**Stored data**:
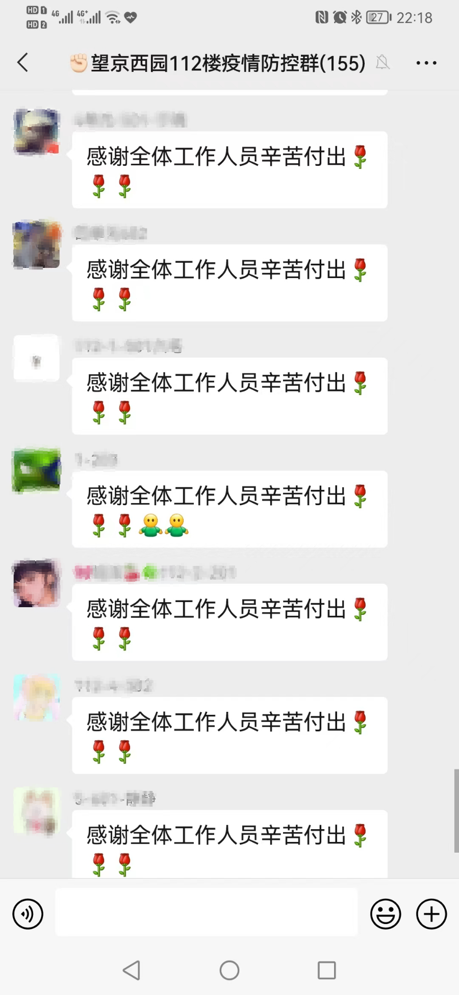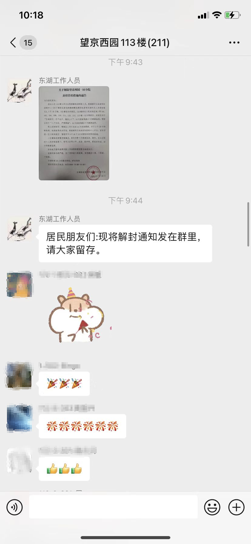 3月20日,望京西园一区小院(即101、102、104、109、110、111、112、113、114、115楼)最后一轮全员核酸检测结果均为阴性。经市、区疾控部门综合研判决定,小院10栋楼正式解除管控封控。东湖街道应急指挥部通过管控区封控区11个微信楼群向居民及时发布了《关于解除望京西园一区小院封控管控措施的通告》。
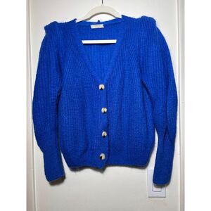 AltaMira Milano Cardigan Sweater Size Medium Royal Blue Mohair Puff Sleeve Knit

...

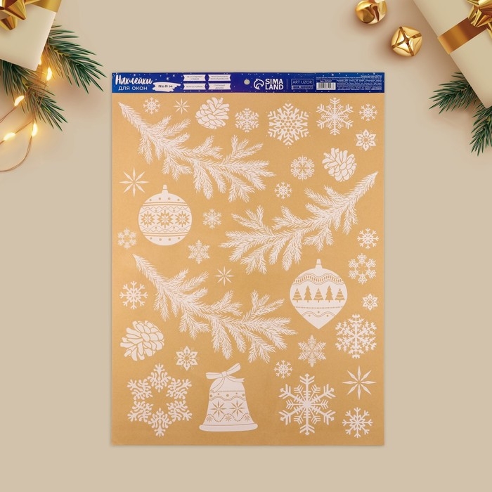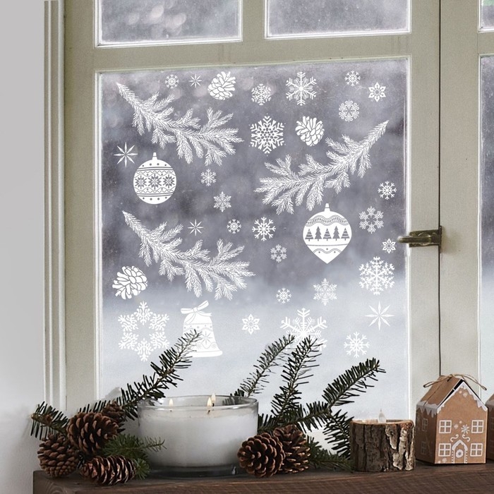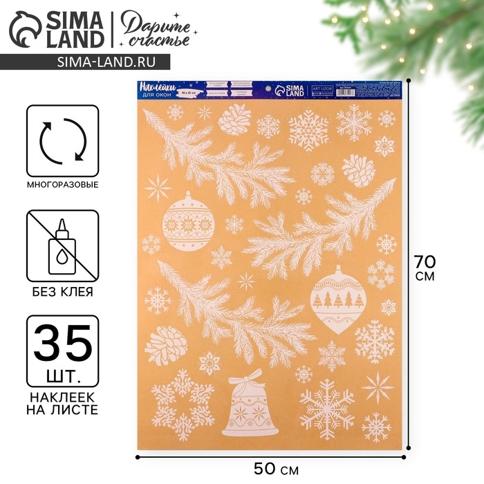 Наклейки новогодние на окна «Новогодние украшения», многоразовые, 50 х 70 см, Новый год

--

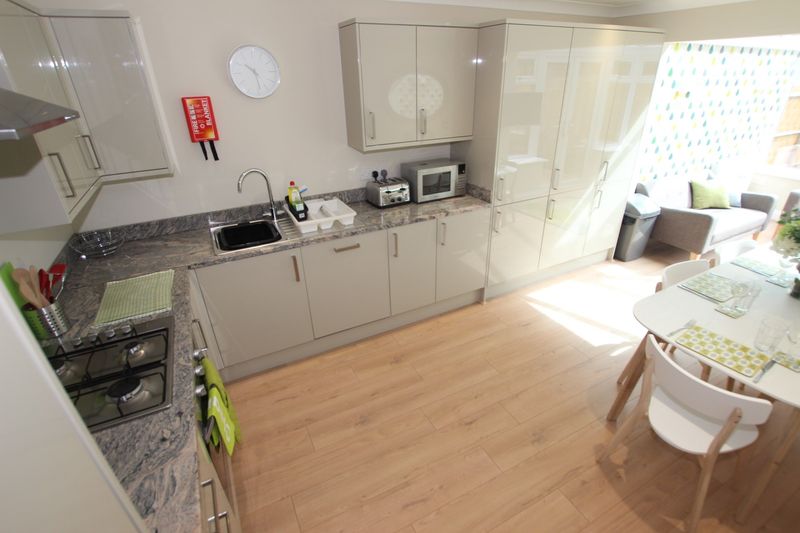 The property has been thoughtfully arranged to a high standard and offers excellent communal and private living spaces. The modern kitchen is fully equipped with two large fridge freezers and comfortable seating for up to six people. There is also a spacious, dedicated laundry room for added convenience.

**Your task**:
Beginning at the line above that contains "3月20日,望京西园一区小院" and going on through the line that contains "AltaMira Milano Cardigan", please copy every line exactly, leaving the pictures out and adding nothing.

**Result of the exercise**:
 3月20日,望京西园一区小院(即101、102、104、109、110、111、112、113、114、115楼)最后一轮全员核酸检测结果均为阴性。经市、区疾控部门综合研判决定,小院10栋楼正式解除管控封控。东湖街道应急指挥部通过管控区封控区11个微信楼群向居民及时发布了《关于解除望京西园一区小院封控管控措施的通告》。
 AltaMira Milano Cardigan Sweater Size Medium Royal Blue Mohair Puff Sleeve Knit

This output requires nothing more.